PROBLEM
An exact, complete copy of the entries is needed, with the pictures left out.

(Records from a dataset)

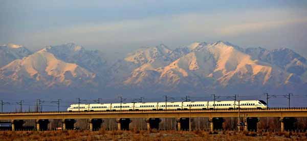 蘭新高鐵動(dòng)車組列車在天山腳下行駛。
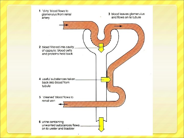 Blood contains useful + waste substances e. g. Glucose, urea, salts and water Kidney Tubule- Useful substances are reabsorbed back into the blood (glucose, some water and some salts) Blood capillary. Reabsorbs useful substances Blood is filtered and filtered substances enter the bowman’s capsule Filtrate enters Only waste substances remain- Urea, some salt, some water Blood leaving the kidney contains only useful substances (glucose, some water and some salt
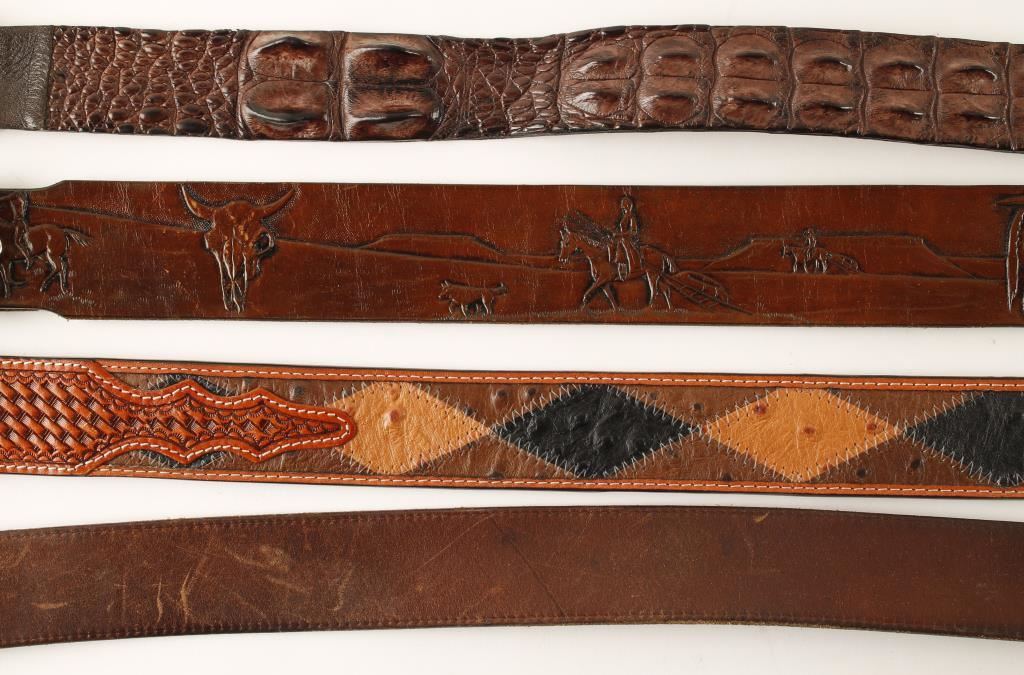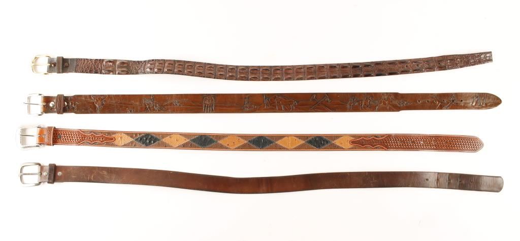 1 very nice crocodile belt made in Austrailia (35"), 1 brown leather belt embossed with an Indian scene, 1 plain brown belt and 1 hand tooled leather belt accented with ostrich hide (34").
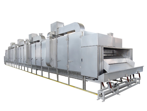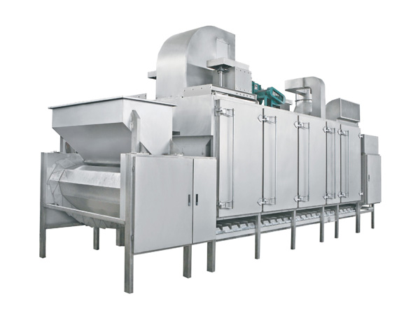 該烤爐采用循環熱風方式進行穿透式烘烤;烘烤過程物料厚度、行進速度自動可調,連續進出;烘烤溫度單元式控制,可實現各單元溫度獨立調整;后置獨立冷卻區,無需單獨冷卻;模塊式結構,產量提高亦無須變更設備;熱源多元化,可使用天然氣、液化氣、導熱油、電等。本機以其結構及性能的優越特點,為堅果炒貨行業提供了一機多用,產品質量穩定的理想設備,主要可加工的產品有五香花生米、乳白花生米、磨醬米、巴旦木、腰果、蕎麥等各種顆粒類食品。
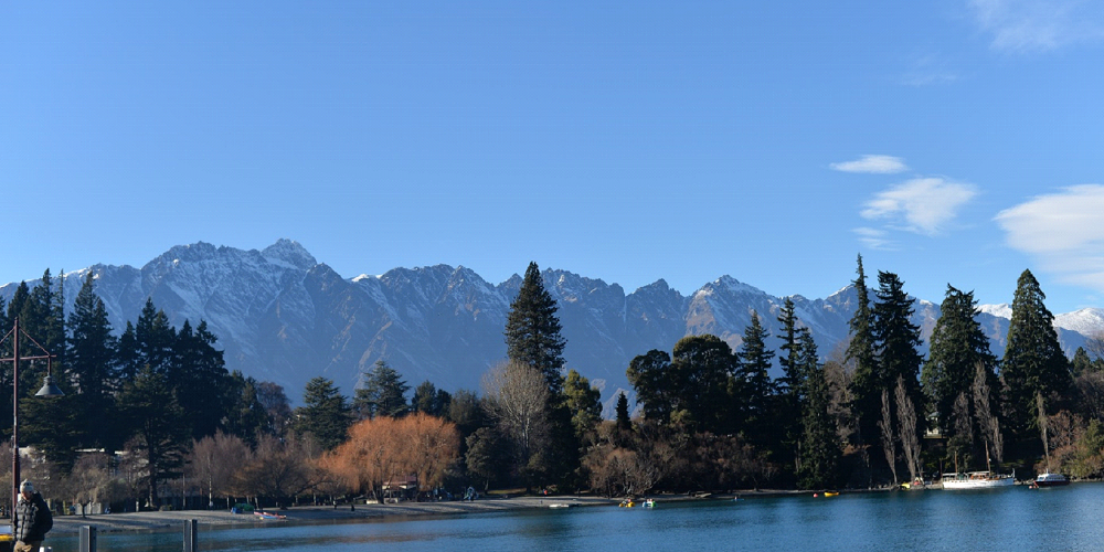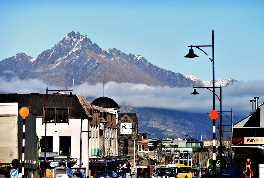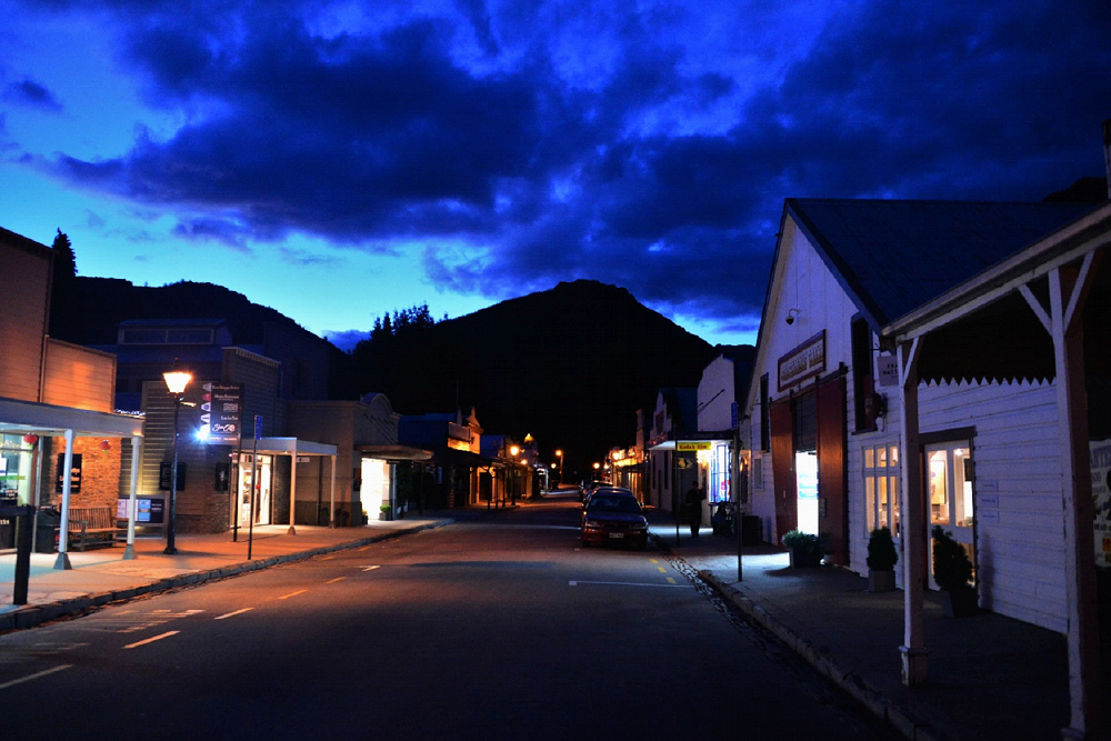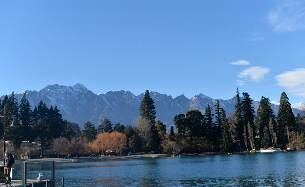 Primul a fost orașul Queenstown, localitate turistică montană din mijlocul Alpilor Sudului, ale căror vărfuri se ridica pâna la peste 3700 metri altitudine, și care formează una din bazele principale ale sporturilor montane de vară (mountain-biking, drumeții) și iarnă (ski). Este așezat pe țărmul de sud al lacului Wakatipu, un lac glacial alimentat de multe izvoare, de mutele ploi și zăpezi ale perioadei de toamnă/iarnă (Aprilie-Octombrie în emisfera sudică), lung de vreo 70 de kilometri, și care șerpuiește printre versanți spectaluloși de ambele părți. În apropiere se află orășele turistice elegante, cu vestigii dine ra căutătorilor de aur pe la mijlocul secolului XIX – un exemplu tipic fiind Arrawtown, la 15 minute cu mașina de Queenstown.

SOLUTION
 蘭新高鐵動(dòng)車組列車在天山腳下行駛。
 Blood contains useful + waste substances e. g. Glucose, urea, salts and water Kidney Tubule- Useful substances are reabsorbed back into the blood (glucose, some water and some salts) Blood capillary. Reabsorbs useful substances Blood is filtered and filtered substances enter the bowman’s capsule Filtrate enters Only waste substances remain- Urea, some salt, some water Blood leaving the kidney contains only useful substances (glucose, some water and some salt
 1 very nice crocodile belt made in Austrailia (35"), 1 brown leather belt embossed with an Indian scene, 1 plain brown belt and 1 hand tooled leather belt accented with ostrich hide (34").
 該烤爐采用循環熱風方式進行穿透式烘烤;烘烤過程物料厚度、行進速度自動可調,連續進出;烘烤溫度單元式控制,可實現各單元溫度獨立調整;后置獨立冷卻區,無需單獨冷卻;模塊式結構,產量提高亦無須變更設備;熱源多元化,可使用天然氣、液化氣、導熱油、電等。本機以其結構及性能的優越特點,為堅果炒貨行業提供了一機多用,產品質量穩定的理想設備,主要可加工的產品有五香花生米、乳白花生米、磨醬米、巴旦木、腰果、蕎麥等各種顆粒類食品。
 Primul a fost orașul Queenstown, localitate turistică montană din mijlocul Alpilor Sudului, ale căror vărfuri se ridica pâna la peste 3700 metri altitudine, și care formează una din bazele principale ale sporturilor montane de vară (mountain-biking, drumeții) și iarnă (ski). Este așezat pe țărmul de sud al lacului Wakatipu, un lac glacial alimentat de multe izvoare, de mutele ploi și zăpezi ale perioadei de toamnă/iarnă (Aprilie-Octombrie în emisfera sudică), lung de vreo 70 de kilometri, și care șerpuiește printre versanți spectaluloși de ambele părți. În apropiere se află orășele turistice elegante, cu vestigii dine ra căutătorilor de aur pe la mijlocul secolului XIX – un exemplu tipic fiind Arrawtown, la 15 minute cu mașina de Queenstown.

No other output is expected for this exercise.